Structure of our solution

The main elements implemented in order to fulfill the project requirements are:

  • Clipper library: used for polygon offsetting and join of obstacles.
  • Visibility Graph generation: generation of the shortest path roadmap. The implemented algorithm follows the plane-sweep principle presented in Section 6.2.2 of the Motion Planning book provided to us by the professor. In particular, the chapter 15 of Computational Geometry - Algorithms and Applications has been followed for the details of the visibility graph generation implementation. In order to optimize the algorithm, a special datastructure called OpenEdges has been implemented, following the open-source project pyvisgraph, written in Python. Final complexity: O(n^2 logn), where n is the number of vertices.
  • Dijkstra Shortest Path: it was implemented using C++ STL sets, which are self-balancing binary search trees. Final complexity: O(E logV), where E is the number of edges and V is the number of vertices of the graph.

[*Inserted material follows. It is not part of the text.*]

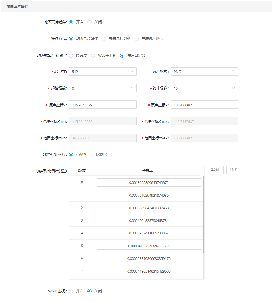 - 分辨率/比例尺:设置每个裁图级别的分辨率/比例尺,可以自定义每个级别分辨率/比例尺,或者使用默认的分辨率/比例尺(两个相邻级别分辨率/比例尺为2倍关系);

  • Multipoint Markov-Dubins Problem: solved with an Iterative Dynamic Programming approach, explained during class. Final complexity: O(n k^2), where n is the number of points and k is the number of discretised angles.

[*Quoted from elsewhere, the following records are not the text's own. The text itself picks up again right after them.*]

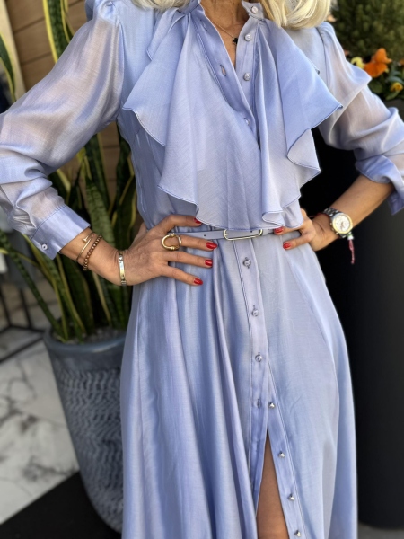 Рокля от ефирна шифонена материя с жабо на бюста. Моделът се закопчава с копчета и има колан за талията.
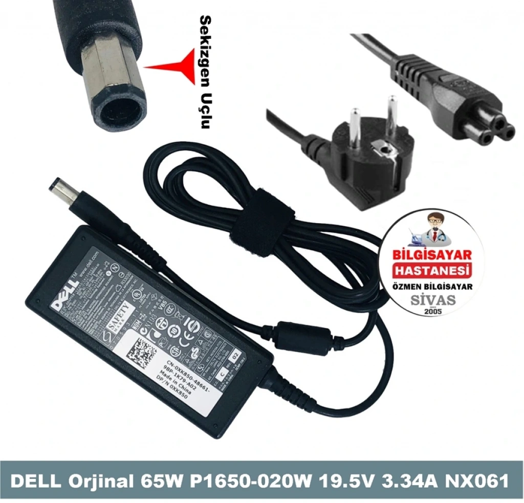 DELL Orijnal 65W P1650-020W  Sekizgen Uçlu  Şarj Cihazı 19.5V 3.34A NX061
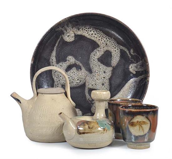 A GROUP OF FIVE GLAZED JAPANESE POTTERY ITEMS INCLUDING A CHARGER BELIEVED TO BE BY NARUI SANS FROM MASHIKO PROVANCE JAPAN (5)

  • Collision detection: solved with a basic algorithm to check Arc-Segment intersections, that must be run at each iteration of the Dubins shortest path calculation.
  • Pursuer-Evader game: a simulation of a pursuer-evader game, in which one robot - the evader - tries to escape to a destination, while another robot - the pursuer - has to intercept it. The details on the developed algorithm can be found on the report linked above.